Marijuana breeders intentionally crossed varieties of early-maturing indica with their later-maturing sativa varieties to produce early-maturing hybrid crosses (matings of parents from different gene pools), and soon the majority of cultivators began to grow the newly popular indica x sativa hybrids. Many of the indica x sativa hybrids were vigorous growers, matured earlier, yielded well, and were very potent. Skunk No. 1 is a good example of a hybrid expressing predominantly sativa traits, and Northern Lights is a good example of a hybrid expressing predominantly indica traits. By the early 1980s, the vast majority of all domestic sinsemilla in North America had likely received some portion of its germplasm from the indica gene pool, and it had become difficult to find the preindica, pure sativa varieties that had been so popular only a few years earlier.

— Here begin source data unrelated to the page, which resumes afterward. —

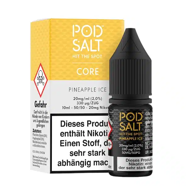 Pod Salt Pineapple Ice 20 mg ist ein Nikotinsalz Liquid mit reifem Ananasgeschmack, kombiniert mit einer klaren Ice-Frische. Intensiv im Aroma, weich im Zug – ideal für Pod-Systeme und MTL.
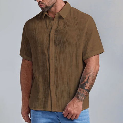 New Men's Slim Lapel Collar Pleated Short Sleeve Shirt
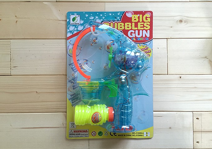 メガハウスのスーパーフルオートシャボンは10年も前に廃番か・・・と落胆している僕の前に現れたのがBIG BUBBLES GUNという電動シャボン玉マシーン(OEM商品が複数あるので正確な名称は不明)。ガンタイプの本品はスイッチを入れると同時に音と光の演出が始まり、電動タイプとしては珍しく大きなシャボン玉が作ることが出来る。トリガーを引いている時だけシャボン玉が作られる。
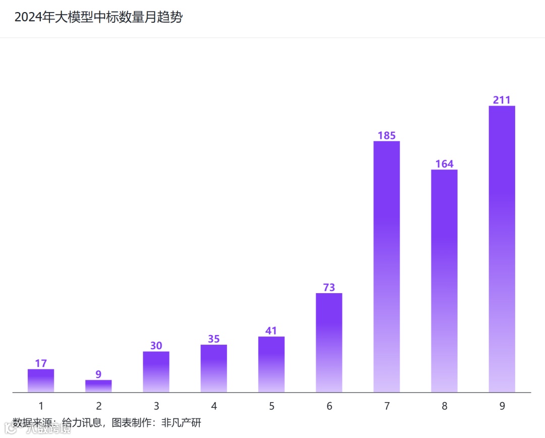 从趋势角度分析,1-9月大模型中标金额呈现出一种不稳定的态势,各月之间的金额波动较大。其中,3月份的高额中标可能归因于某些特定的大型项目落地或是相关行业的旺季效应。相反,1月份的低额中标则可能与年初的业务规划调整、市场预热不足等因素有关。
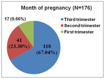 Highest number of population 118 (67.04%) of the study population were in the third trimester during the study period, 41 (23.30%) of the population were in the second trimester and the least of the population, 17 (9.66%) were in the first trimester.
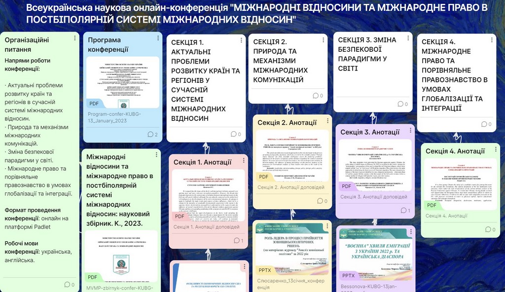 У період з 13 по 23 січня 2023 р. тривала робота Всеукраїнської наукової онлайн-конференції "МІЖНАРОДНІ ВІДНОСИНИ ТА МІЖНАРОДНЕ ПРАВО В ПОСТБІПОЛЯРНІЙ СИСТЕМІ МІЖНАРОДНИХ ВІДНОСИН".
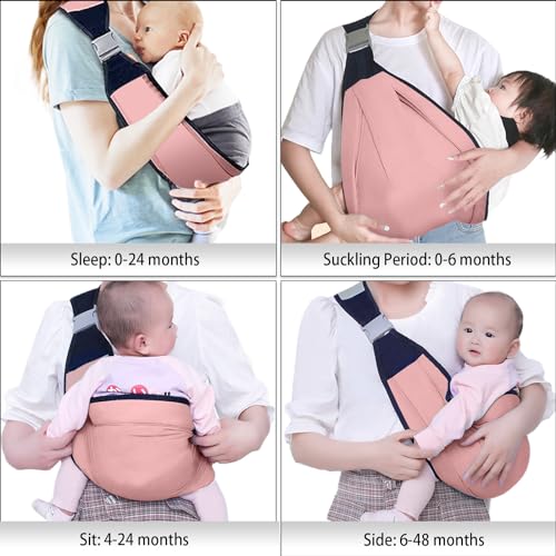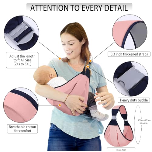Baby Sling Carrier - Adjustable Half Wrapped Sling Hip Carrier, One Shoulder Labor-Saving, Lightweight Cloth Fabric Baby Holder for Newborn to Toddler Up to 45 lbs (Pink)
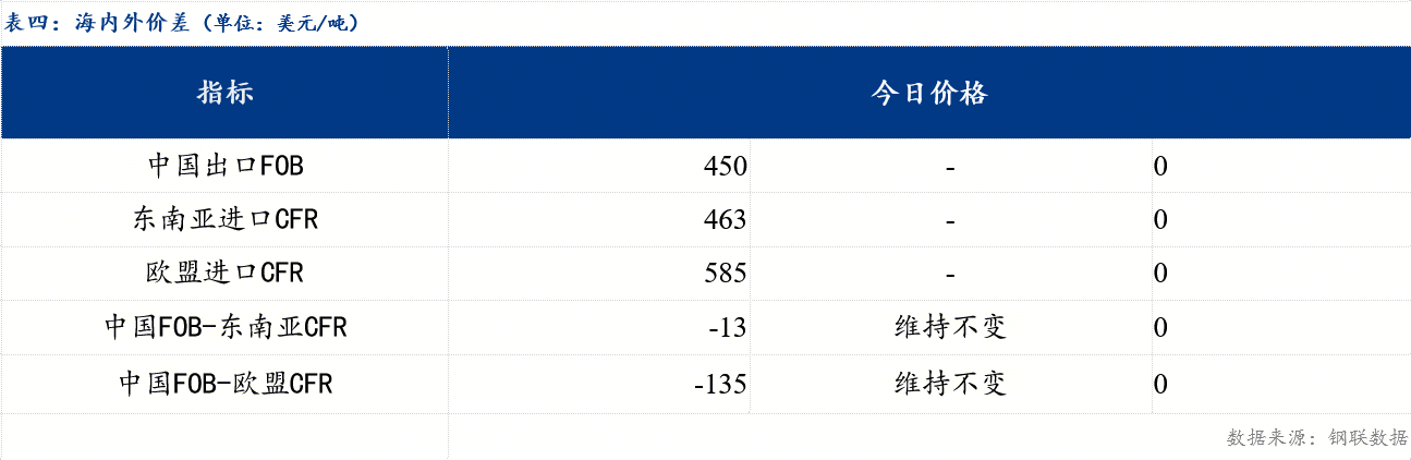 从区域价差来看,华东与东北价差60元/吨,较上一交易日正向缩小20元/吨;华东与华南价差-20元/吨,较上一交易日反向缩小10元/吨;华南与华北价差80元/吨,较上一交易日正向缩小10元/吨。

However, the negative characteristics of reduced potency (lower THC content); slow, flat, sedative, dreary effect (high CBD content); skunky, acrid aroma; and harsh taste quickly became associated with many indica x sativa hybrids. To consumers, who often prefer sativas, indica has not proven itself to be as popular as it is with growers. Also, the dense, tightly packed floral clusters of indica tend to hold moisture and to develop gray mold (Botrytis), for which the plants have little natural resistance. Mold causes significant losses, especially in outdoor and glasshouse crops, and was rarely a problem when only pure C. sativa varieties were grown. In addition, fungal contamination of medical Cannabis could prove a serious threat to pulmonary or immunocompromised patients. Although consumers and commercial cultivators of the late 1970s initially accepted indica enthusiastically, serious breeders of the late 1980s began to view indica with more skepticism. Although indica may currently appear to be a growing bane for Cannabis connoisseurs, it has certainly been a big boon for the average consumer, bringing more potent and medically effective Cannabis to a wider audience. Indica x sativa hybrids have proven to be well adapted to indoor cultivation where mold is rarely a problem. Indica x sativa varieties mature quickly (60-80 days of flowering), allowing four to five harvests per year, and can yield up to 100 g of dry flowers on plants only 1 m (3 ft.) tall. C. sativa varieties are too gangly and tall and take too long to mature to make them desirable for the indoor grower. On the other hand, sativas have unique cannabinoid and terpenoid profiles producing effects considered superior by many medical Cannabis users.

Political pressure on marijuana cultivators across North America forced many drug Cannabis breeders to relocate to the Netherlands, where the political climate was less threatening. During the 1980s, several marijuana seed companies appeared in the Netherlands, where cultivation of Cannabis for seed production and the sale of seeds were tolerated. To North American and European cultivators, this meant increased availability of exotic high-quality drug Cannabis seeds and presented yet more possibilities to find varieties that were the most medically effective for individual indications and patients. Cannabis seed sales continue in the Netherlands today.